The hon. Member for South Shields spoke about the most vulnerable mothers who have had multiple children taken into care. As we know, that group includes a disproportionate number of care leavers. I draw the Committee’s attention to the Pause programme, which seeks to break the intergenerational cycle of care, which the hon. Member for Stretford and Urmston mentioned. Pause has been operating in Hackney for some time and has now been extended to six other local authority areas, with funding from my Department’s innovation programme.

Last month, the Secretary of State announced funding to roll out the Pause programme in a further nine areas, bringing Government funding support to more than £6.4 million in the next four years. The programme works intensively with young women to prevent repeat pregnancies and the subsequent removal of their children into care. The initial findings are extremely encouraging and, by extending the programme, we want to reach out to more parts of the country so that more mothers who find themselves in that situation get the support they need so that they can make good life choices and have a future that is not just about turning up at court once every few years to fight for custody of their own child.

Notwithstanding the good work being done through the Pause programme, does the Minister accept that the work is rather piecemeal? It is not happening in every local authority. As I said earlier, we should be offering such services to everyone across the board, not just to some people who live in certain local authority areas. What happens when this innovation money runs out? Do we just go back to where we were?

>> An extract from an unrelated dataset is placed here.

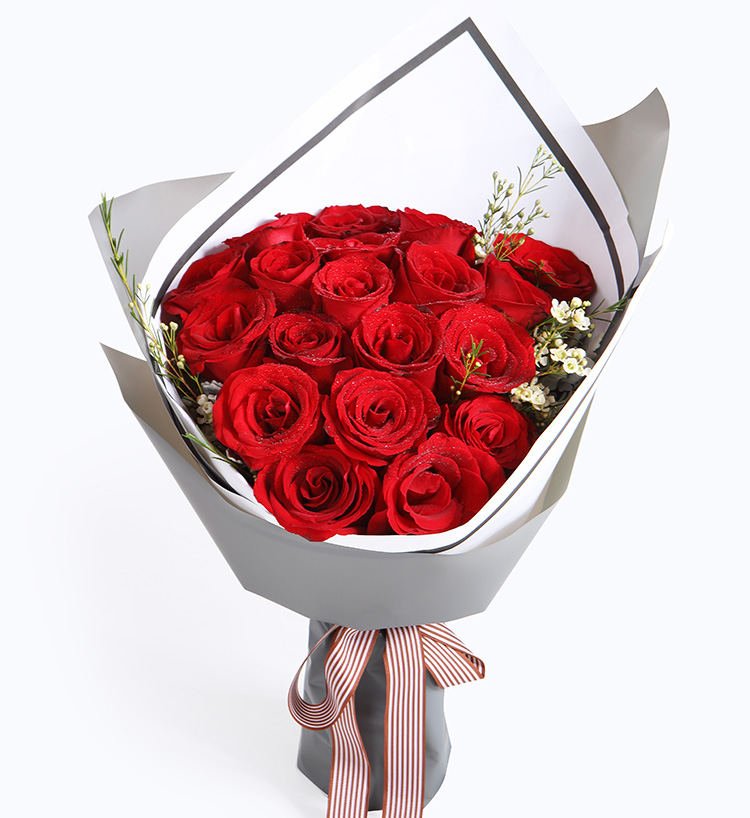 忘情巴黎-33枝红玫瑰,石竹梅20枝

I will answer that question in two parts. First, interested parties always ask for evidence when we try something new. Before we roll out a programme nationally, we want to be able to demonstrate that it will be effective in tackling the issue that it was set up to try to resolve.

Secondly, of course we want to ensure that we get uniformity right throughout the country, but the only way we can establish whether the care leaving services work well is by having a strong legal framework backed up by strong accountability. When services work well—we now have four or five councils with an outstanding care leaving service—we need to get better at spreading that good practice. The new What Works centre is going to be a good way of achieving that. We must ensure that we find out where local authorities are falling short. That may be in the transitional work they are doing on the care pathway that is put in place to plan for the young person’s future, including the need to secure their emotional and mental health needs.

I do not disagree with the hon. Member for South Shields about the concerns she has expressed, which is why we are trying to tackle the problem through the innovation programme and the extension of the role of the personal adviser, who has an important part to play in providing mentoring support and engaging young people in the services they need, pushing their elbows out on their behalf so that by the time they reach 25 they are in a much stronger emotional, mental, physical and financial state than would otherwise have been the case. I do not think the approach the hon. Lady is suggesting would help in the way that she would hope. For the reasons I have set out, the Government are taking this approach because we want to try to tackle the problem that we both acknowledge remains long-standing. We are determined to do more than ever to put it right.

The other part of my previous question was what happens in the areas we are discussing when the innovation money runs out? I am assuming that each programme is time-limited.

Every innovation programme, of which we have more than 50 throughout the country and in every region, is provided with funding for the duration of the programme only if it can show how it will be sustainable in the long term. That is done through an independent panel that makes decisions about which programmes should be supported and which should not. The panel will feed directly into the What Works centre so that other parts of the country can learn from projects that have already demonstrated a discernible impact in the area that they hoped to help through their initial proposal.

Take the example of North Yorkshire, where the No Wrong Door project to support care leavers has been hugely successful in improving support for care leavers. That model is now being shared and replicated—albeit crafted to meet individual need—based on the fact that it is showing benefits not only in North Yorkshire but in other parts of the country. The model is one of creating the evidence base, having the ability to spread best practice, and then ensuring that the sustainability proposed in the original programme is there. On that basis, I urge the hon. Lady to withdraw the amendment.

If I withdrew the amendments, would the Minister consider updating some of the guidance on mental health assessments? In the pathway plans I have seen in the past they are not given the prominence they should have.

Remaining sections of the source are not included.